Alors on veut corriger. Compenser. Améliorer. Rapidement.

Mais vouloir évoluer ne signifie pas se rejeter.

Lorsque le changement part d’un rejet de soi, « je suis trop comme ci », « pas assez comme ça », il s’épuise vite. Parce qu’il demande de lutter contre soi-même.

Et personne ne gagne durablement une guerre intérieure.

Ce glissement est fréquent. On croit viser une meilleure version de soi, alors qu’on tente surtout de faire taire une insatisfaction profonde. La résolution devient alors un moyen de se réparer, plutôt qu’un chemin pour se comprendre.


L’intention, un changement de posture


C’est ici qu’apparaît une alternative souvent négligée. L’intention.

Une intention ne fixe pas un résultat immédiat. Elle propose une direction.

Là où une résolution impose une action précise, comme méditer vingt minutes par jour ou reprendre le sport trois fois par semaine, l’intention pose une question plus large. Quelle qualité de vie ai-je envie de cultiver cette année.

Par exemple, au lieu de se dire « je dois méditer tous les jours », une intention pourrait être « je souhaite cultiver plus de calme dans mon quotidien ».

La différence peut sembler subtile. Elle est pourtant déterminante.

L’intention n’évalue pas en permanence. Elle observe. Elle n’impose pas. Elle oriente. Elle laisse de la place à l’humain, avec ses fluctuations, ses ajustements et ses imprévus.


Pourquoi les intentions tiennent davantage ?


Sur le plan psychologique, l’intention mobilise un autre levier. Celui de la cohérence interne.

Lorsqu’une personne se relie à une valeur plutôt qu’à une performance, elle cherche naturellement à agir de façon plus alignée. Sans se forcer. Sans se punir.

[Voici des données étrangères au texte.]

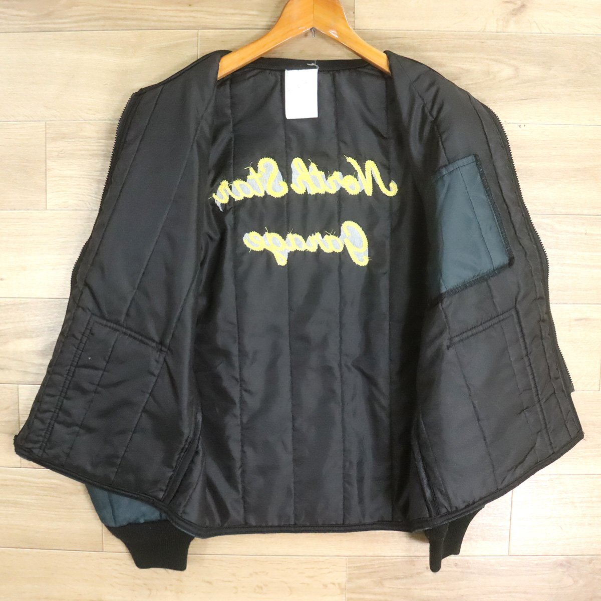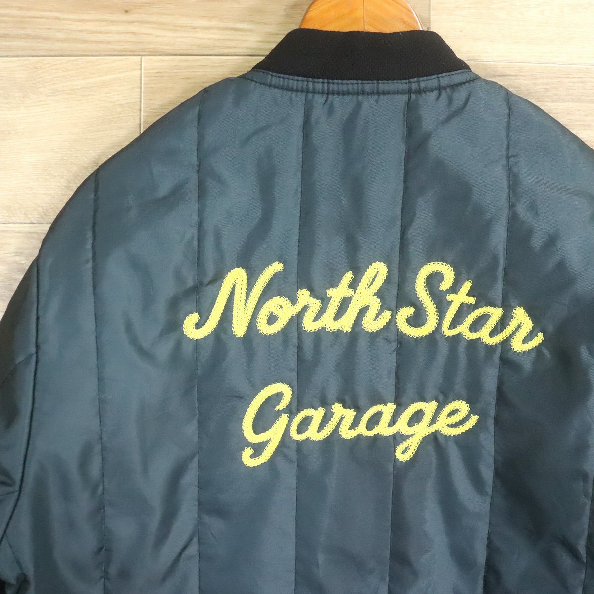 I7T/D12.1-2 アメリカ古着 中綿 キルティングジャケット M位 バック刺繍 チェーンステッチ North Star Garage ボンバージャケット

La question n’est plus « ai-je réussi ou échoué », mais « est-ce que ce choix me rapproche de ce qui compte pour moi ».

Ce déplacement change profondément la relation au changement. Il transforme l’évolution personnelle en un processus vivant, adaptable, et surtout soutenable dans le temps.


Une autre façon d’entrer dans l’année


La nouvelle année n’a peut-être pas besoin de promesses spectaculaires.

Elle a peut-être besoin de quelque chose de plus simple. Une direction claire. Une curiosité sincère. Une écoute plus fine de ce qui est déjà là.

Formuler une intention, ce n’est pas renoncer à évoluer. C’est choisir d’avancer sans se violenter. C’est accepter que le changement durable se construit rarement dans la contrainte, mais souvent dans la compréhension.

Et si, cette année, au lieu de vous demander ce que vous devez absolument changer, vous vous demandiez comment vous avez envie de vivre, jour après jour.